How Spark uses Akka to implement process, node communication

Source: Internet
Author: User

How Spark uses Akka to implement process, node communication

"In-depth understanding of spark: core ideas and source analysis," The preface of the book, please see the link "in-depth understanding of spark: core ideas and source analysis," a book officially published listing

"In-depth understanding of spark: core ideas and source analysis," the first chapter of the content, please see the link to the 1th Chapter environment preparation

"In-depth understanding of spark: core ideas and source analysis," the second chapter of the content, please see the link to the 2nd Chapter Spark design concept and basic structure

"In-depth understanding of spark: core ideas and Source Analysis," chapter III of the first part of the content, please see the link "in-depth understanding of spark: core ideas and source analysis,"--sparkcontext initialization (POST)

"In-depth understanding of spark: core ideas and Source Analysis," chapter III of the second part of the content, please see the link "in-depth understanding of spark: core ideas and source analysis,"--sparkcontext initialization (Zhong article)

"In-depth understanding of spark: core ideas and source analysis," the third chapter of the third part of the content, please see the link "in-depth understanding of spark: core ideas and source analysis,"--sparkcontext initialization (tert-chapter)

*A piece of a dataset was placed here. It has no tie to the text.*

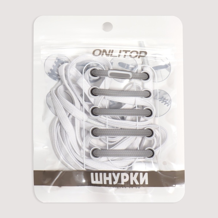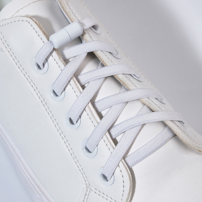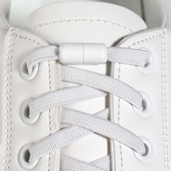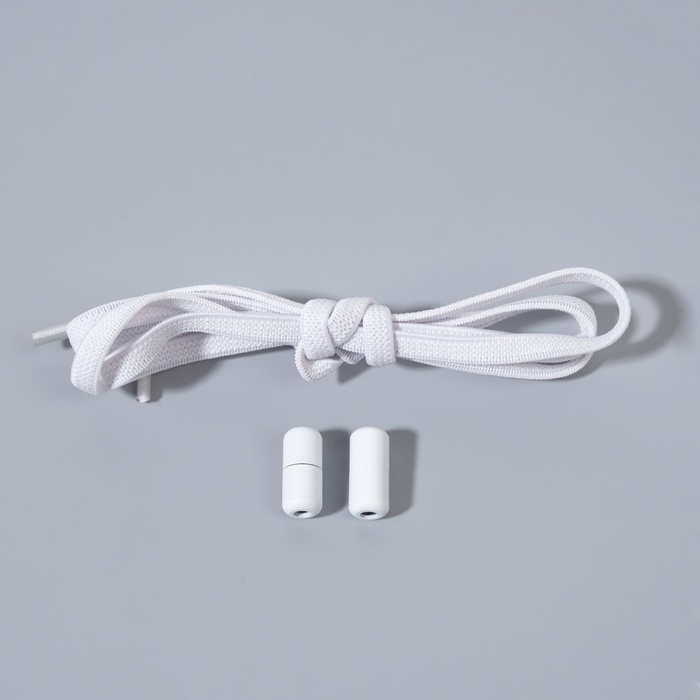 Шнурки для обуви, пара, плоские, с фиксатором, эластичные, 6 мм, 100 см, цвет белый

"In-depth understanding of spark: core ideas and source analysis," the third chapter of the fourth part of the content, please see the link "in-depth understanding of spark: core ideas and source analysis,"--sparkcontext Initialization (quarterly)

Akka Introduction

Scala believes that it is bad practice for Java threads to share data and maintain shared data through locks, which can lead to contention for locks, and the context switching of a thread brings a lot of overhead, reduces the performance of concurrent programs, and even introduces deadlock problems. Only custom types are required to inherit the actor in Scala, and the Act method is provided, just as Java implements the Runnable interface, which requires the implementation of the Run method. But instead of invoking the Act method directly, the data is passed by sending the message (Scala sends the message asynchronously). Such as:
Actor! Message
Akka is the Advanced class library of the actor programming model, which is similar to the increasingly rich concurrency toolkit after JDK 1.5, simplifying programmer concurrency. The Akka is a toolset and runtime environment for building highly concurrent, distributed, scalable, Java Virtual machine-based message-driven applications. You can see the simplicity of Akka concurrent programming from a sample of code provided in the Akka website below.

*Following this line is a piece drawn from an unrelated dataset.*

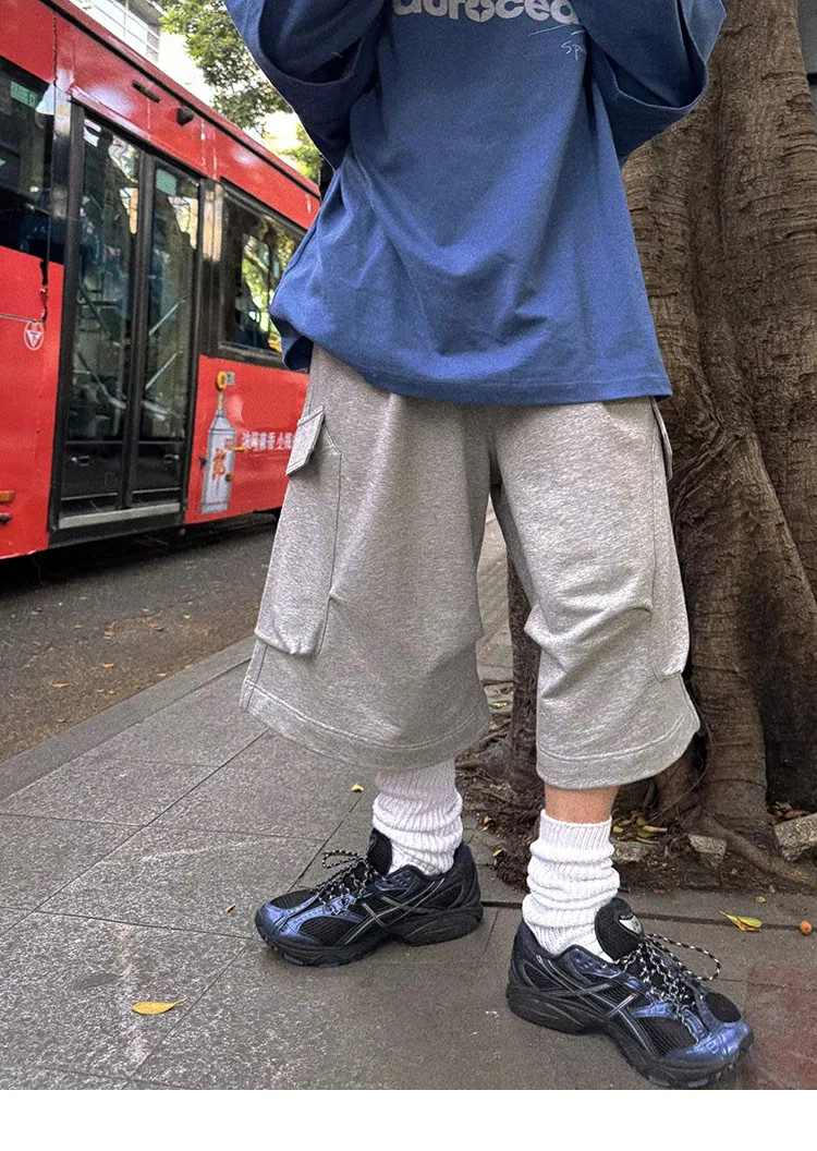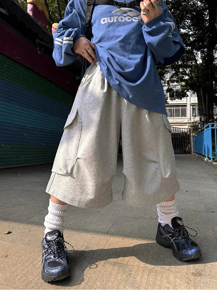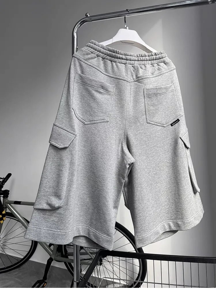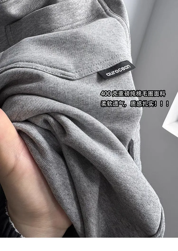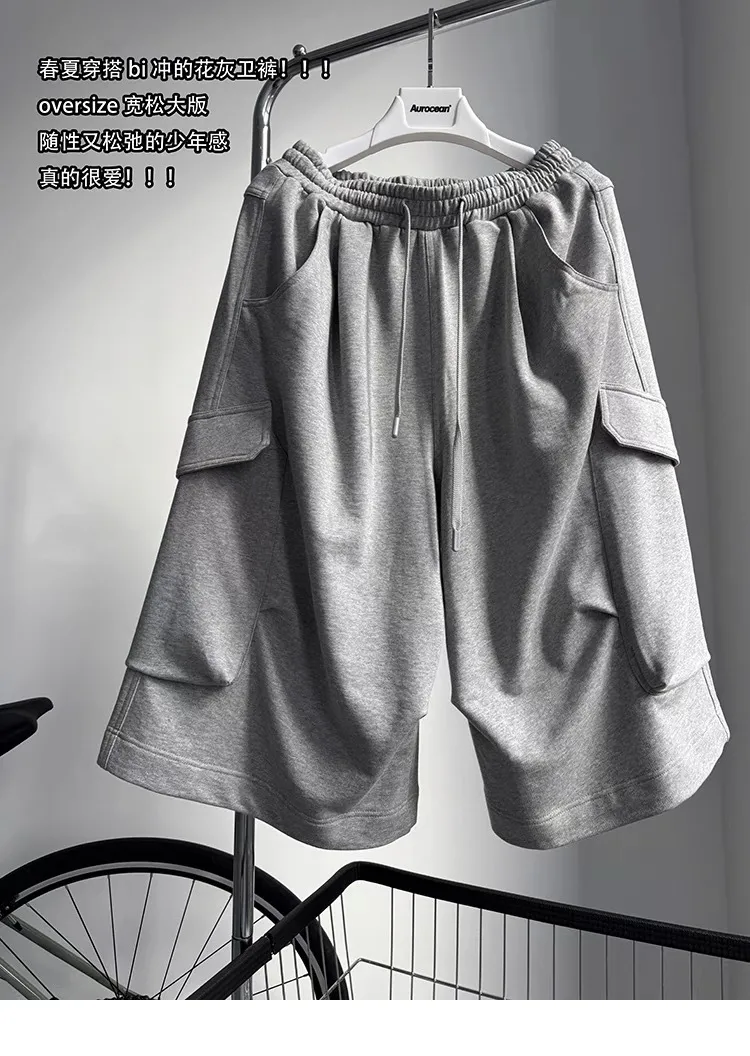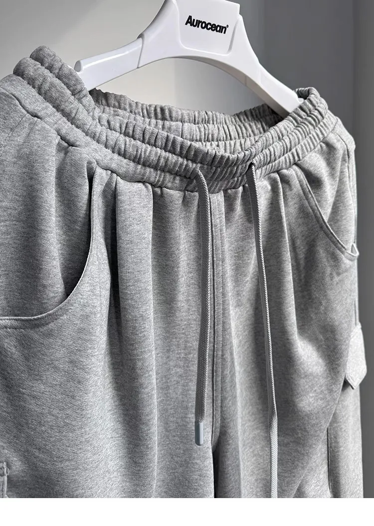 AUROCEAN 搭配王者 重磅純棉 立體收褶 七分褲(花灰色)

Case class Greeting (who:string) class Greetingactor extends Actor with actorlogging {  def receive = {case    greetin G (WHO) ⇒log.info ("Hello" + Who)  }}val system = Actorsystem ("Mysystem") val greeter = System.actorof (props[greetingac Tor], name = "Greeter") greeter! Greeting ("Charlie Parker")

Akka provides a distributed framework that means that users do not need to consider how to implement distributed deployment, and the Akka website provides the following example showing how to obtain a reference to a remote actor.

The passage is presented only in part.